There's a better frame than "fewer tokens": information density. What matters isn't how many tokens enter the context — it's the ratio of useful signal to total tokens.

information_density = useful_tokens / total_tokens

A 47-field response where 3 fields matter has a density of ~6%. A curated 3-field response has a density of ~100%. The model's task difficulty is inversely proportional to information density — with higher density, the relevant tokens command more attention weight, and the model's output distribution shifts toward accurate responses.

This is why schema learning changes output quality, not just output cost. When Harbor applies a learned schema — keeping price, change_24h, and market_cap while dropping 44 other fields — it's not a compression optimization. It's an attention optimization. The transformer's limited attention budget is now concentrated on tokens that matter.

From architecture to engineering

The attention mechanism tells us something precise: context quality is not about what you add, it's about what you remove.

Every token you inject into the context window competes for attention. Every irrelevant field, every stale cache entry, every verbose error message dilutes the model's focus on what actually matters for the current task.

This inverts the common "give the model more context" intuition. The engineering principle is:

Minimize the denominator of softmax. Maximize the information density of the context window. Every token should earn its place.

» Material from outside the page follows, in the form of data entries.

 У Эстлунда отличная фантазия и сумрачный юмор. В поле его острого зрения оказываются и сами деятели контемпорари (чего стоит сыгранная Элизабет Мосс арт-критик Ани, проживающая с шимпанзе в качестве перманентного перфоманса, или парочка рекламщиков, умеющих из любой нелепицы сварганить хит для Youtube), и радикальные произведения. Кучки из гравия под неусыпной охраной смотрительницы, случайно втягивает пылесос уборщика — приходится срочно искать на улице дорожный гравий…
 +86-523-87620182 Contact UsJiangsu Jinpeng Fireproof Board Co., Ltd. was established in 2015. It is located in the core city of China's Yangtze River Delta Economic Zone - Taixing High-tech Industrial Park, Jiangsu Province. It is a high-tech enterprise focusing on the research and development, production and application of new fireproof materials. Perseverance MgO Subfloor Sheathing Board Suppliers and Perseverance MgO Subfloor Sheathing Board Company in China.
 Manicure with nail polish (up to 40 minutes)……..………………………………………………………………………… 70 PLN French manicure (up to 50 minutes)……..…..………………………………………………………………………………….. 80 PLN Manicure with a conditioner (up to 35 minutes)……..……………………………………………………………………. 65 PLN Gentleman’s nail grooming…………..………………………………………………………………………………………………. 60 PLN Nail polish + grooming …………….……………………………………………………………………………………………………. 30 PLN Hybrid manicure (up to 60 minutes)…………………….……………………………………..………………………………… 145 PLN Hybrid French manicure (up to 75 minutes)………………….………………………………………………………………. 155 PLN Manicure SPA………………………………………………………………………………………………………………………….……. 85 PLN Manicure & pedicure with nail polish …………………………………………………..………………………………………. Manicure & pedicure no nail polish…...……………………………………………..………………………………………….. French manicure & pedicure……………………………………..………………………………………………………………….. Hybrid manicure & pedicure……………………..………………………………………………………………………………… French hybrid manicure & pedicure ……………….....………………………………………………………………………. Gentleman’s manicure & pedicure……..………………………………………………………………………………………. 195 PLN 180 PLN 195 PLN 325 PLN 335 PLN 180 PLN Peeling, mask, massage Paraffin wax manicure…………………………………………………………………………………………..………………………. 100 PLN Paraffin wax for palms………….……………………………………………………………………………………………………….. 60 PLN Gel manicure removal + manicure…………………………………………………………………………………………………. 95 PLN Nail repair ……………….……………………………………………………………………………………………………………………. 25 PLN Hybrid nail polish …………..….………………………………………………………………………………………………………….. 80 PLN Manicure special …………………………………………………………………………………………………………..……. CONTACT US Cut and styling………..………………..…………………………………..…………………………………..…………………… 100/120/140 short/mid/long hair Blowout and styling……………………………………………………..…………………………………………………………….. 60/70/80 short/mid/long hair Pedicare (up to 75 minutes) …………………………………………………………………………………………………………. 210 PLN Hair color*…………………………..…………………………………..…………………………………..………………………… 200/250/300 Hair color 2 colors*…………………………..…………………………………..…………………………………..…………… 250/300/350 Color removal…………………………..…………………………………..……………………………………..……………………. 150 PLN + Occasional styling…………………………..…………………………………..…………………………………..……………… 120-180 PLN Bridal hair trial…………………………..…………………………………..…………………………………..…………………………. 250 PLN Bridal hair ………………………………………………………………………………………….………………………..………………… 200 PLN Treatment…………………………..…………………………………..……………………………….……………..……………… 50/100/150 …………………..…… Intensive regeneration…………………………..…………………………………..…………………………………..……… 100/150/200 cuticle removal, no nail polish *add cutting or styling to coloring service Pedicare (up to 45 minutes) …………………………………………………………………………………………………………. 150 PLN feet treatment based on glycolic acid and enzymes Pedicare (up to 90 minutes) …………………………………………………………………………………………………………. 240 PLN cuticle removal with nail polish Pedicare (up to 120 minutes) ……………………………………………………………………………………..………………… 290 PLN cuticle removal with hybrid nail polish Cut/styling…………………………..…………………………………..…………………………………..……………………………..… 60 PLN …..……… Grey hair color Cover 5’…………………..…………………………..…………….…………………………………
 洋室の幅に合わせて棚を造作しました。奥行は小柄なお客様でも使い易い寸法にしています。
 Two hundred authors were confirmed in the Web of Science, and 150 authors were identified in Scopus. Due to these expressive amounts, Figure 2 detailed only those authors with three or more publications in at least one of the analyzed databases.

This is the principle behind Harbor's schema learning. After a few API calls, Harbor observes which fields the agent actually uses and learns a schema: raw → normalized → compact → summary. Each density layer increases the signal-to-noise ratio. The agent doesn't need to understand attention mechanics — it just gets better answers because the math is working for it instead of against it.

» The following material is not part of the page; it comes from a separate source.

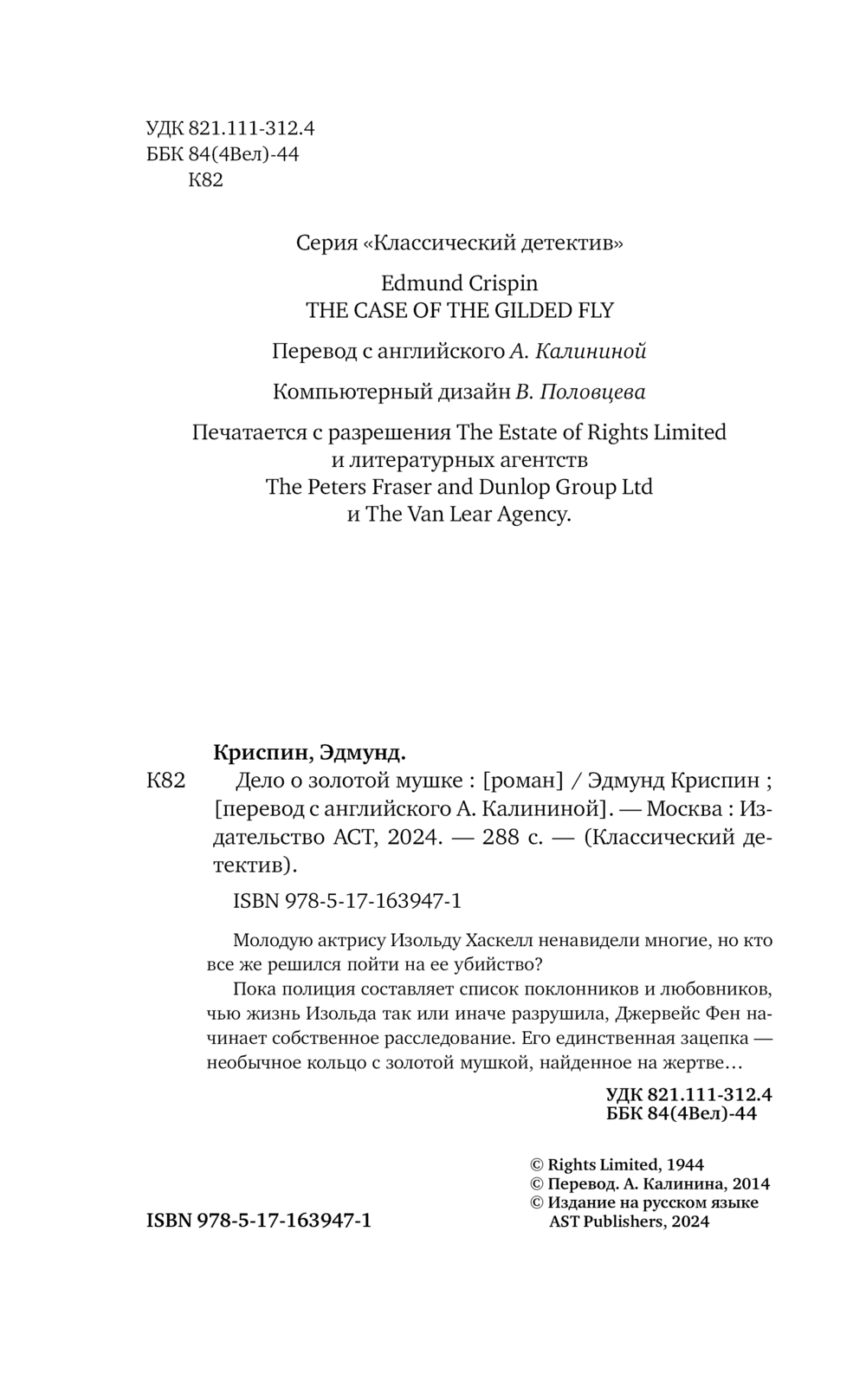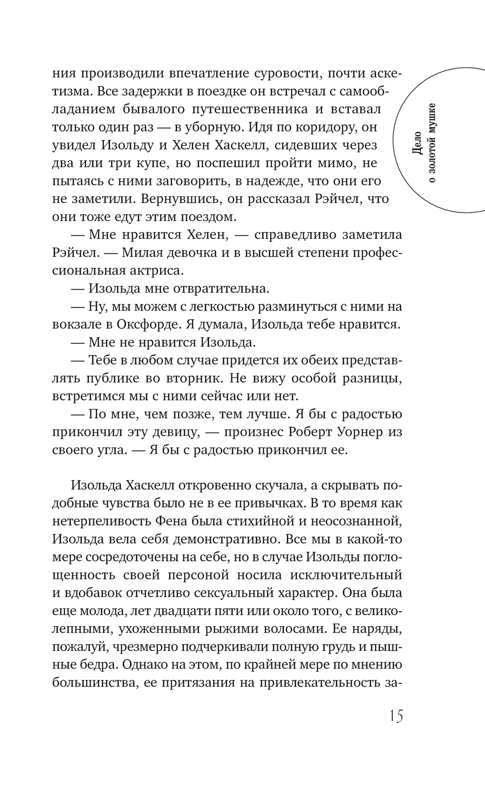 Пока полиция составляет список поклонников и любовников, чью жизнь Изольда так или иначе разрушила, Джервейс Фен начинает собственное расследование. Его единственная зацепка – необычное кольцо с золотой мушкой, найденное на жертве...

Before: 47 fields × 12 tokens/field = 564 tokens, density ~6%
After:   3 fields × 12 tokens/field =  36 tokens, density ~100%

Same information. 94% fewer tokens competing for attention. Mathematically guaranteed better focus.

The compound effect

This matters more than you'd think when you consider that agents make multiple API calls per session, context accumulates over a conversation, and memory from previous sessions is injected alongside fresh data.

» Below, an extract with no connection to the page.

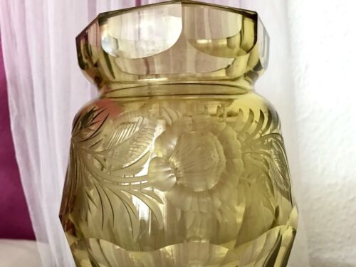 Antik Art Déco Glas Vase Glasvase Amber Bernstein Gelb Edel Schliff Haida?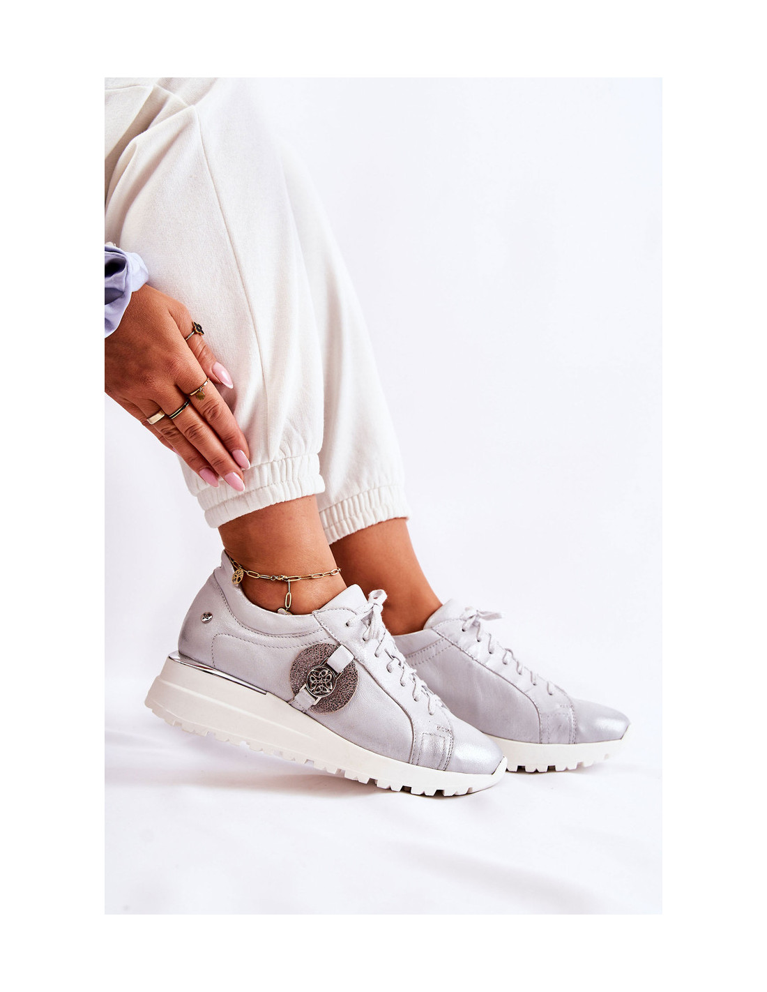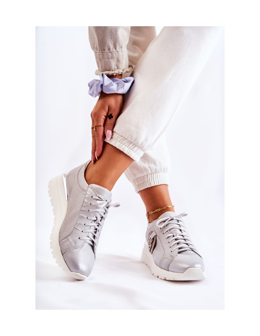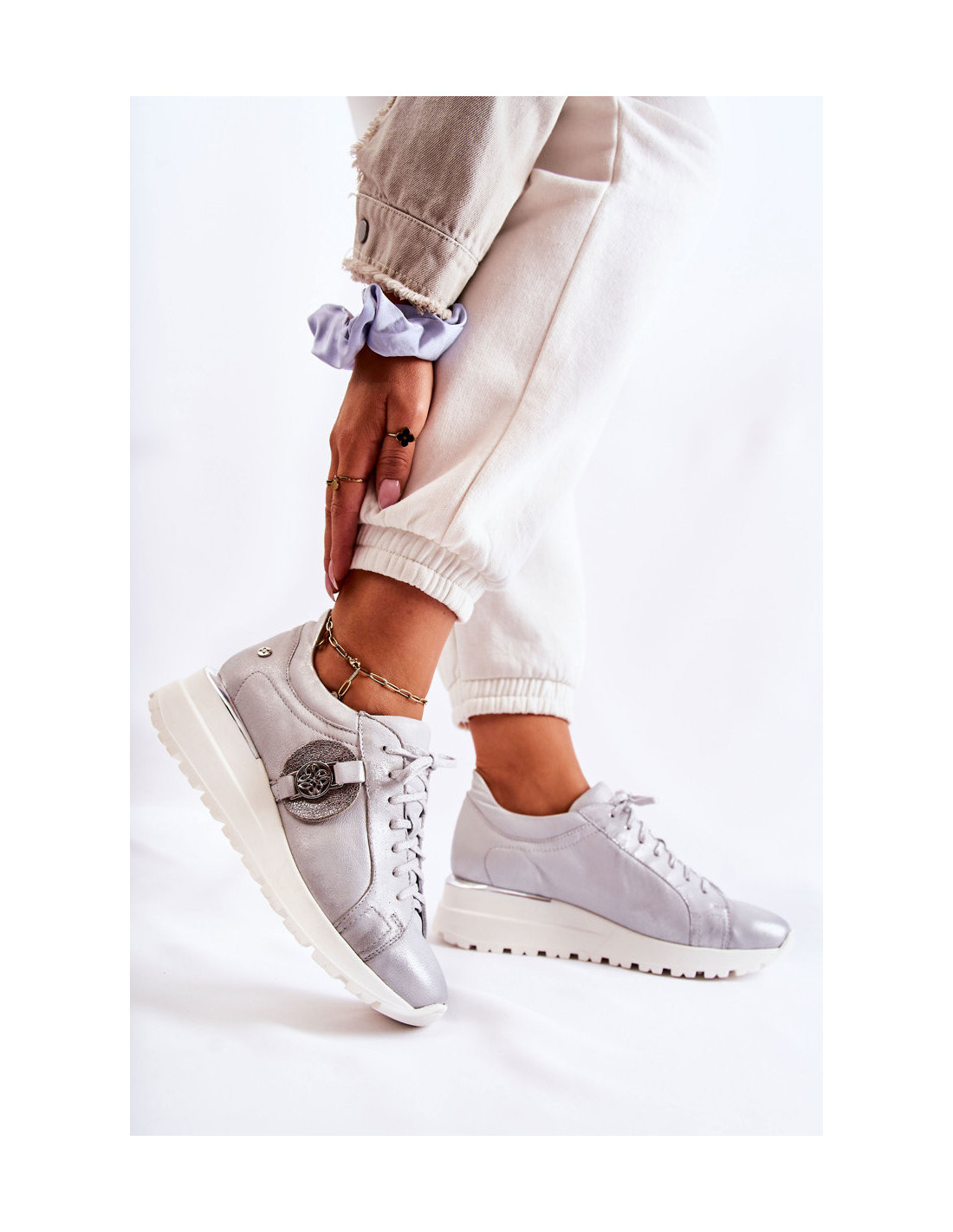 Odiniai sportiniai batai ant pleišto Maciejka 05492-11 sidabro

An agent running a 10-call analysis with 47-field responses accumulates ~5,640 tokens of API data, of which ~360 are useful. That's 5,280 wasted tokens actively degrading the model's ability to synthesize across the calls it actually cares about.

With schema learning applied: 360 tokens. Every one relevant. The model's attention is undiluted, and its cross-call synthesis — connecting patterns across multiple API responses — improves because the relevant tokens aren't lost in noise.

The architecture rewards precision. Build for it.